- **WHAT THIS TASK INVOLVES**:
Please write out all of the data below exactly, without including the pictures.
------------------------------------------------------------
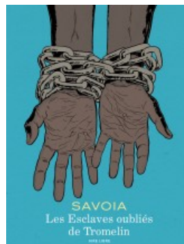
Les esclaves oubliés de Tromelin
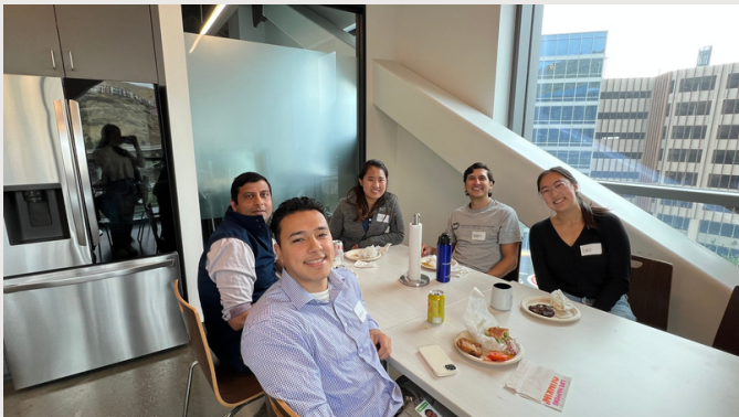
Mentor & Mentee Lunch
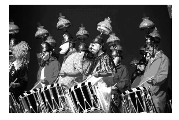
Anticipation filled the auditorium as the stately tones of a surrealistic carnival band announced the opening of the 15th WONCA Europe Conference.
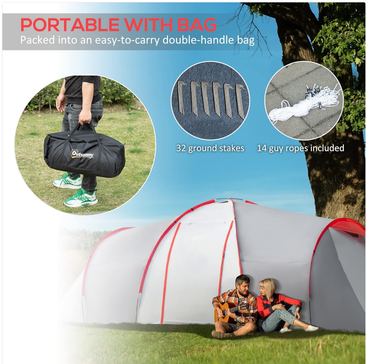
Image: A visual representation of the tent's portability, showing the carry bag, 32 ground stakes, and 14 guy ropes included with the tent.
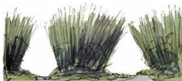
Cross section of sward too rank

Only small areas should be this dense as it is too dense for birds to move around in or to see out from and it is not suitable for nesting.
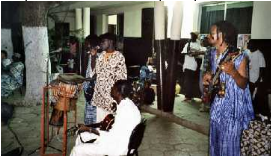
Black Thiossane Group
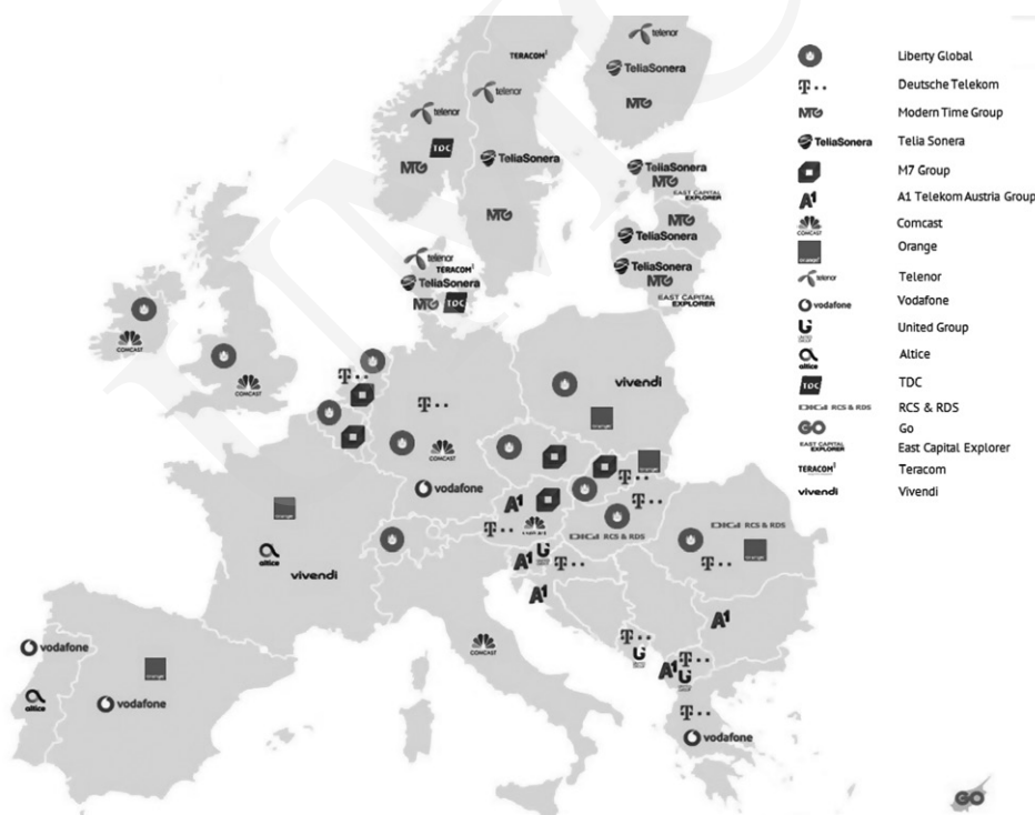
Figure 1. Pay AV services by ownership, geography segmentation (2017)

Figure 1 shows how closely the markets in each Member State are interconnected through the largest service providers. It is clear that most consumers in the Member States are fighting for the majority of consumers, that means that in most cases we can talk about limited competition.
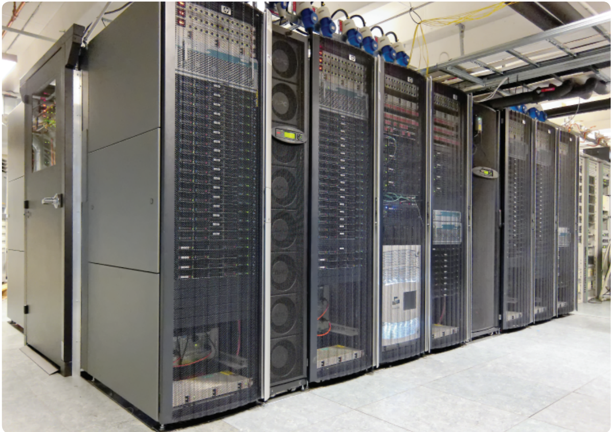
Complete system designed and built by Starfish Technologies

The system receives schedules and Ad sales information from TV4 and interfaces directly to the main channel broadcast automation system and the TV4 News room system. It incorporates a fully redundant architecture with automated failover.
------------------------------------------------------------
- **SOLUTION FOR THIS TASK**:
Les esclaves oubliés de Tromelin
Mentor & Mentee Lunch
Anticipation filled the auditorium as the stately tones of a surrealistic carnival band announced the opening of the 15th WONCA Europe Conference.
Image: A visual representation of the tent's portability, showing the carry bag, 32 ground stakes, and 14 guy ropes included with the tent.
Cross section of sward too rank

Only small areas should be this dense as it is too dense for birds to move around in or to see out from and it is not suitable for nesting.
Black Thiossane Group
Figure 1. Pay AV services by ownership, geography segmentation (2017)

Figure 1 shows how closely the markets in each Member State are interconnected through the largest service providers. It is clear that most consumers in the Member States are fighting for the majority of consumers, that means that in most cases we can talk about limited competition.
Complete system designed and built by Starfish Technologies

The system receives schedules and Ad sales information from TV4 and interfaces directly to the main channel broadcast automation system and the TV4 News room system. It incorporates a fully redundant architecture with automated failover.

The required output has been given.